- Opening Delimiter -
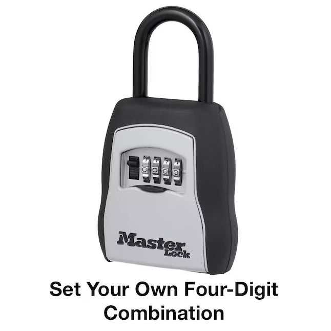 The Master Lock no. 5400DHC portable lock box features a 3-1/4 in. (83 mm) wide metal body for durability. The portable design offers removable over the knob installation. Set your own 4-digit combination for keyless convenience and increased security. The shutter door protects combination dials from weather, dirt and grime; and molded body and vinyl coated shackle prevent scratching. The limited lifetime warranty provides peace of mind from a brand you can trust.
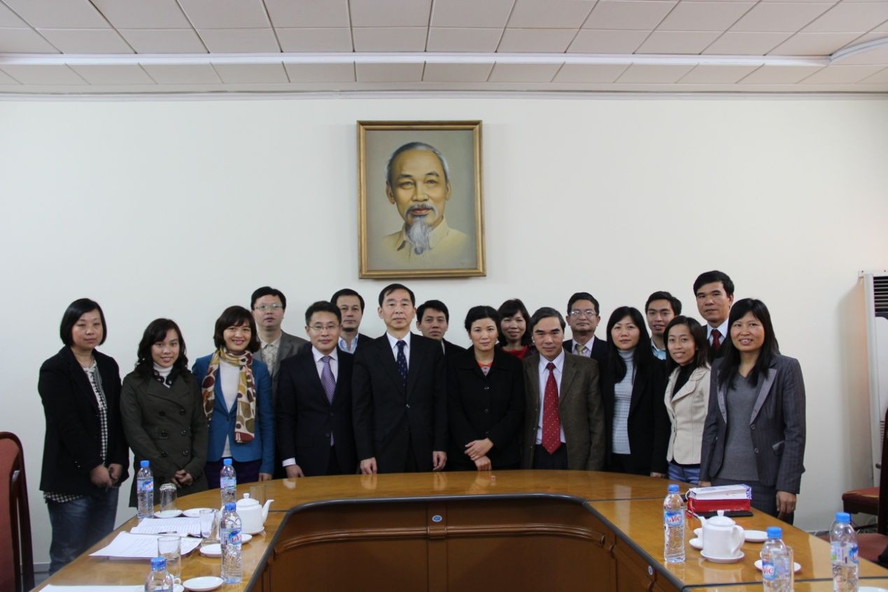 1月23日,访问团成员与越南河内大学进行了合作洽谈。洽谈会由河大校长潘志孝博士主持,河大教务处长、科研处长、国交处长列席洽谈会。潘志孝博士对合作表示了很大兴趣,并就扩大合作内容提出了请求,如要求我校为该校教师到我校攻读博士学位提供便利等。夏勇院长介绍了我国留学政策和我校留学政策。双方商定2013年6月在我校进行第二次合作交流。
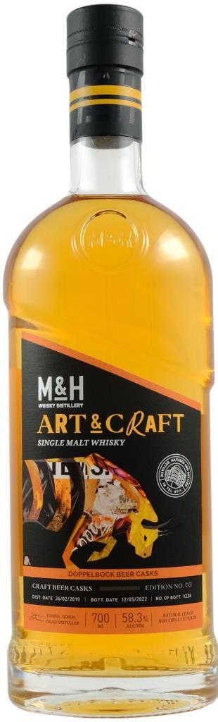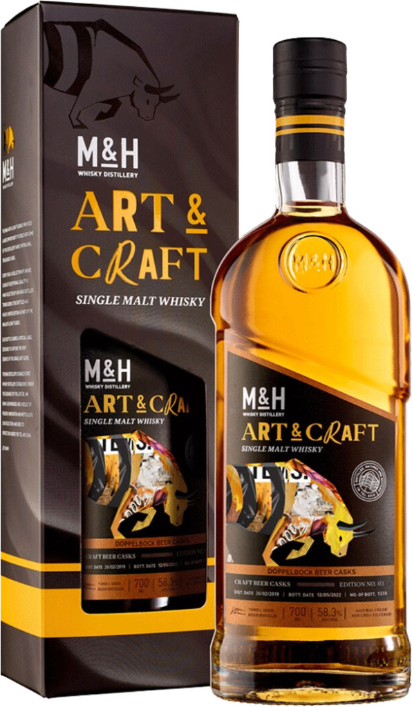 Art & Craft, Doppelbock Beer Casks - уникальный односолодовый виски, выдержанный на протяжении не менее 3-х лет в исключительных бочках. Сначала в этих бочках выдерживался бурбон, затем их отправили на израильскую крафтовую пивоварню Ha’Aretz, расположенную на самом краю пустыни Негев, где в них в течение 4-6 месяцев созревал DoppelBock (двойной бок), для которого характерны сладкий аромат и вкус, богатый оттенками шоколада и поджаренного солода. Одна из бочек для этого релиза провела целый год на складе у Мертвого моря, что усилило ее потенциал. Лишь в конце этого долгого путешествия бочки были наполнены виски на винокурне M&H. Виски не подвергается холодной фильтрации и не содержит красителей, разливается при бочковой крепости 58,3%.
- Closing Delimiter -
# Problem to work on:
Write the data out again exactly, but without its images.

# Output:
 The Master Lock no. 5400DHC portable lock box features a 3-1/4 in. (83 mm) wide metal body for durability. The portable design offers removable over the knob installation. Set your own 4-digit combination for keyless convenience and increased security. The shutter door protects combination dials from weather, dirt and grime; and molded body and vinyl coated shackle prevent scratching. The limited lifetime warranty provides peace of mind from a brand you can trust.
 1月23日,访问团成员与越南河内大学进行了合作洽谈。洽谈会由河大校长潘志孝博士主持,河大教务处长、科研处长、国交处长列席洽谈会。潘志孝博士对合作表示了很大兴趣,并就扩大合作内容提出了请求,如要求我校为该校教师到我校攻读博士学位提供便利等。夏勇院长介绍了我国留学政策和我校留学政策。双方商定2013年6月在我校进行第二次合作交流。
 Art & Craft, Doppelbock Beer Casks - уникальный односолодовый виски, выдержанный на протяжении не менее 3-х лет в исключительных бочках. Сначала в этих бочках выдерживался бурбон, затем их отправили на израильскую крафтовую пивоварню Ha’Aretz, расположенную на самом краю пустыни Негев, где в них в течение 4-6 месяцев созревал DoppelBock (двойной бок), для которого характерны сладкий аромат и вкус, богатый оттенками шоколада и поджаренного солода. Одна из бочек для этого релиза провела целый год на складе у Мертвого моря, что усилило ее потенциал. Лишь в конце этого долгого путешествия бочки были наполнены виски на винокурне M&H. Виски не подвергается холодной фильтрации и не содержит красителей, разливается при бочковой крепости 58,3%.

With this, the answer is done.